Chef is asking you to make the sequence tasty using the minimum number of operations, or report that it is impossible.
QUICK EXPLANATION:
- A sequence is
tastyif the elements have alternating parity. - In one operation, we can change the parity of any element i by choosing a j such that A_j is odd.
- The answer is -1 if the sequence has no odd elements.
- To find minimum operations, we can assume the sequence to start from an odd/even element and check the number of mismatches in each case.
- To find a sequence of operations, choose one odd element and correct all other elements using this element. Keep in mind, you might also need to correct the chosen odd element.
EXPLANATION:
What is a tasty sequence?
We are given that a sequence is tasty, if the parity of bitwise and of consecutive elements is not equal to the parity of their bitwise or.
Possible Cases
Let us consider all possible parities of consecutive elements.
The condition holds true when consecutive elements have unequal parity. In other words, a sequence is tasty, if the elements of the sequence have alternating parity.
The sequence would be either of these two forms:
- odd, even , odd, even, ...
- even, odd, even, odd, ...
Explaining an Operation
In one operation, we choose two indices i, j (i \neq j) and change A_i to A_i ⊕ A_j.
Possible Cases
Let us consider all possible parities of A_i and A_j.
In one operation, we can change the parity of any element i by choosing a j such that A_j is odd.
When is the answer -1?
We know that, to change the parity of an element, we need another odd element. This means that if a sequence has only even elements, we can never convert it to a tasty sequence and thus the answer is -1 in that case.
Minimum number of Operations
If there is at least one odd element in the sequence, we can always convert it to a tasty sequence.

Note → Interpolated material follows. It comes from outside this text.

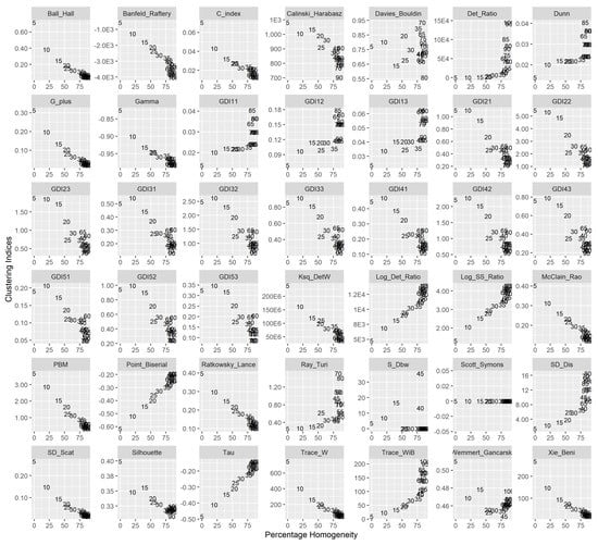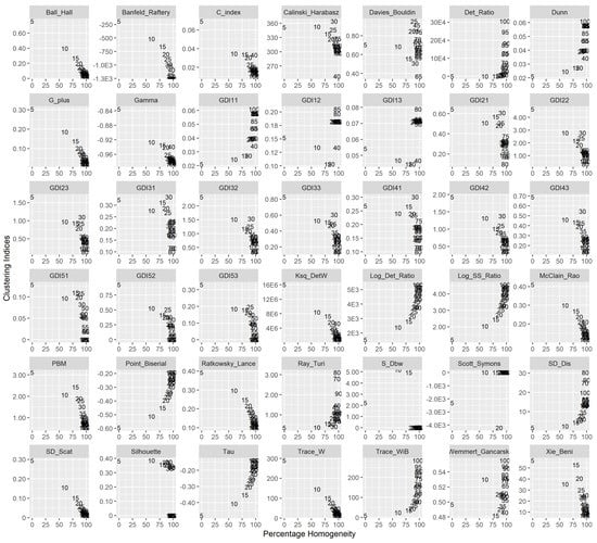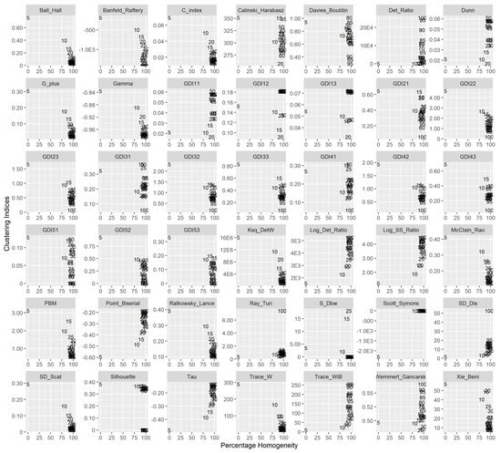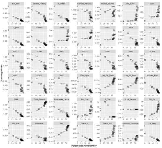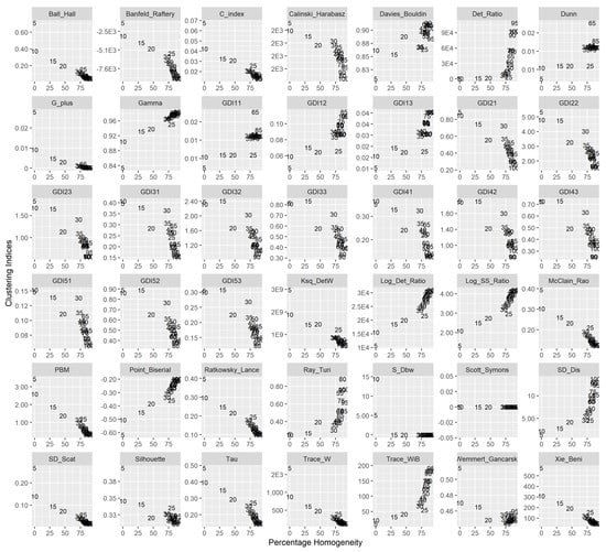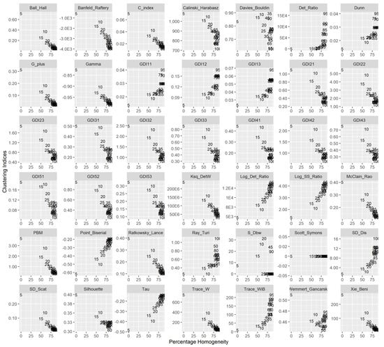 The 10810 sites of Prairie region were regionalized into 27 clusters using the empirical formula, thus giving the percentage homogeneity in, (i) Winter season—81%, (ii) Spring season—78%, (iii) Summer season—78%, and (iv) Autumn season—76%. The variation of percentage of homogeneity for each CVI and the number of clusters are presented in Figure 5, Figure 6, Figure 7 and Figure 8. The coordinates of the same are marked with the number of clusters which divided the region. Out of 42 CVIs, 14 of them outperform in comparison to empirical formula in all the seasons. The selected 14 indices along with the best number of clusters and their corresponding percentage homogeneity are listed in Table 1. The maximum percentage homogeneity determined for each season is:

It takes exactly one move to change the parity of an element. We can assume the sequence to start from an odd/even element and check the number of mismatches in each case. The case with lesser mismatches is optimal and would require minimum number of operations.
Possible sequence of Operations
By now, we know whether we should start the sequence with an odd element, or an even element.
One possible sequence of operations would be:
- Correct the first two elements using the last odd element of the sequence.
- Correct the rest of the sequence using the first odd element of the updated sequence.
Note that this would not fail even if the last odd element of the initial sequence is amongst the first two positions.
You can have any other sequence as well. Just keep in mind that the element you choose for changing the rest of the sequence might also be a mismatch.
You can see the editorialist’s solution for implementation details.
Alternate Implementation
Claim: We can always have an index with odd element such that it is not a mismatch.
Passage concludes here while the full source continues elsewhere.